Sighing, I pulled into another parking lot and hopped from my pick up. I’d been surfing from beach to beach, so just wore a bikini. As I pulled my board out, the sun warmed my skin and I took in this new stretch of sand, not crowded with people at all.
When a black SUV pulled up, I sighed again. Security for life was something I needed to get used to. Bastian had said the words so seriously, I knew arguing was pointless. I had anyway.
I wanted Sebastian to take the reins, to tell me he’d just handle everything, that we could be together and I didn’t have to leave, that he wouldn’t make any side deals.
Maybe it had been too much to ask but I’d asked for so little before, and my heart had wanted it all this time.
All or nothing.
A quick decision that was mine to make. I made it by committing to a wave every day I was out there on that sparkly water.

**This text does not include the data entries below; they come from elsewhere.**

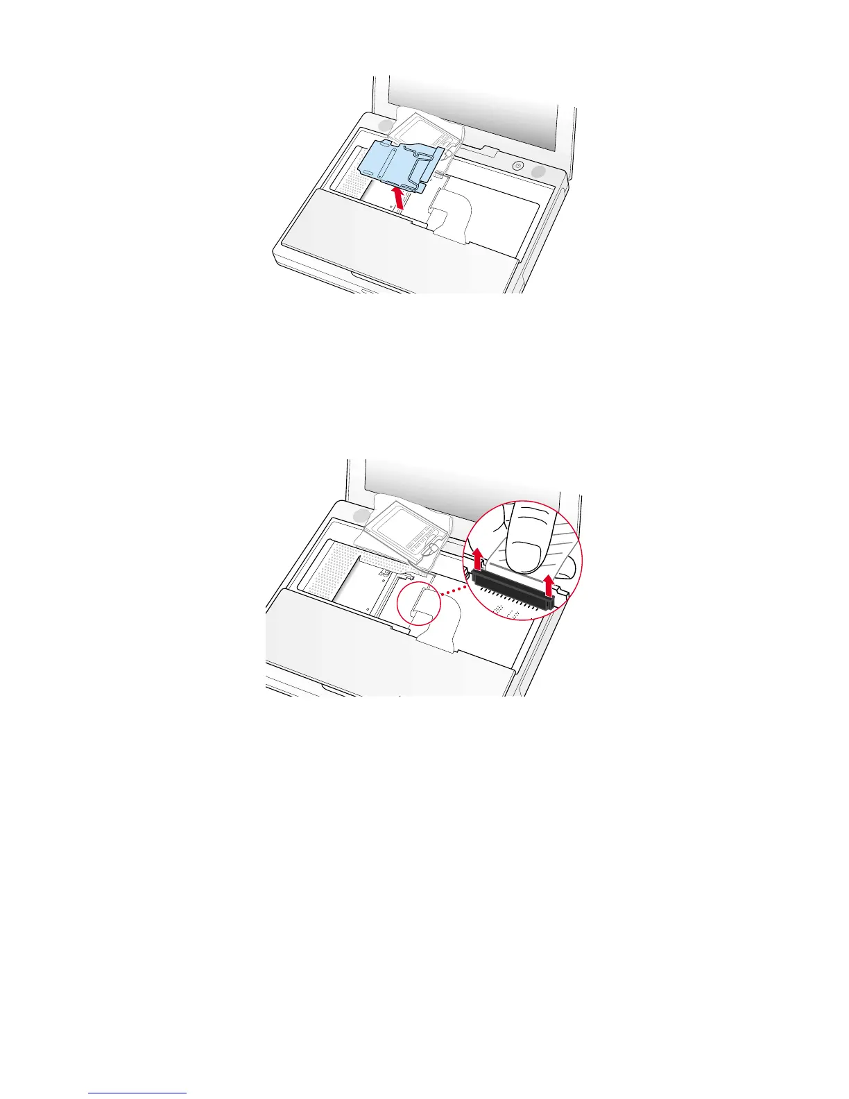 5. Lift the RAM shield out of the computer. Carefully pulling up on the wire holder may help to remove the shield (Figure 8).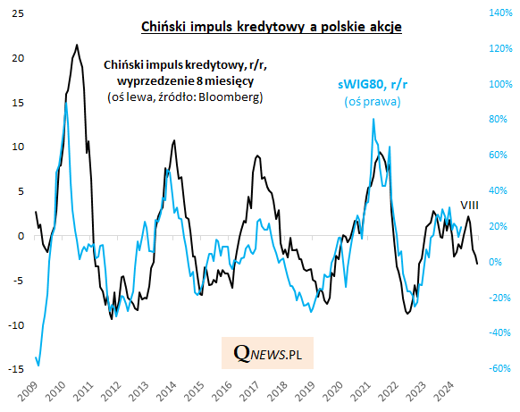 Ale temat Chin, to także poruszany już przez nas niegdyś temat tzw. chińskiego impulsu kredytowego. Jakiś czas temu doszukiwaliśmy się w nim właściwości wyprzedzających względem naszych rodzimych akcji ze względu na pośrednie znaczenie chińskiej gospodarki. Zwracaliśmy uwagę, że chiński impuls kredytowy z wyraźnym, nawet 8-miesięcznym, wyprzedzeniem trafnie zasygnalizował zarówno szczyt koniunktury na GPW w 2021 roku, jak i dołek na jesieni 2022.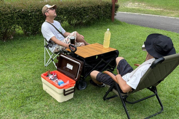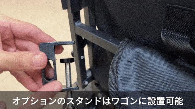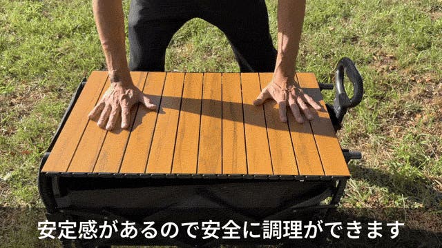 オプションの専用折り畳みテーブルがあれば、調理をしたりテーブルとしても利用が可能です。
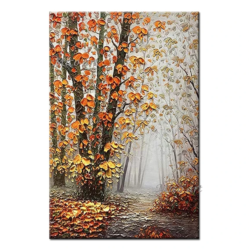 Latest Cheap Landscape Knife Thick Oil Painting Wall Canvas Birch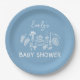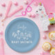 Ein Blue Coquette Modern Hand Drawn Baby Shower Party Dekor Papierplatte Design typisch kombiniert skurrile, spielerische Elemente mit einer zeitgenössischen Ästhetik. Die Größe ist Standard und beliebt, aber andere Formate sind verfügbar. Die dominierende Farbe ist in sanften, babyblauen Tönen gehalten, die ein sanftes, feminines Ambiente schaffen. "Coquette" schlägt ein zauberhaftes Ambiente vor, mit feinen, handgezeichnet Illustrationen von Elementen. Moderner typografischer handgeschriebener Schriftart mit minimalistischen serifenlosen Schriftart für ein ausgeglichenes, raffiniertes Aussehen. Diese Einladung weckt ein Gefühl von Wärme und Aufregung für die bevorstehende Feier, die Freude einer Babydusche mit einem On-Trend, künstlerisches Design vermischt.

I jumped up on that board and held my body up, trusting my balance and the water to let me ride. If I hesitated or half-assed it, I’d fall.
I was never good at school or jobs or anything really except that. My heart committed to riding the waves.
My tears mixed with the ocean water as I rode them again and again that day. I’d married one man and got two instead. Bastian was a Taurus, strong and stubborn but always dependable. He wasn’t going to let his legacy die or put his family in any type of jeopardy.
He’d submerge his love deep down in the water and suffocate it to make sure he completed whatever he set out to do.
I couldn't be with a man who did that.
I needed Sebastian Armanelli, stubborn and dominating. The man who knew what he wanted and took it.
My phone rang as I threw my board back in my pick up an hour later. I scooted into the seat, the sand still sticking to my legs as I stared at an unknown number on the screen. When you weren’t with the person you loved, your heart dropped getting those calls.
“Hello?”
“It’s Cade.”
I took a deep breath. The mob didn’t make house calls or small talk. “What’s wrong?”
The words whispered out of me, but they built momentum in my mind, my throat closing from the thought of Bastian hurt or gone. Had he done something he couldn't come back from. Had his meeting with Ronald gone too far?
“Is Bastian gone?” I croaked out, tears springing to my eyes.
“What?” Cade cackled into the phone. “Are you crying right now?”
“What?” I glanced around, suddenly aware that he might be watching me. I swiped at my eyes. “No!”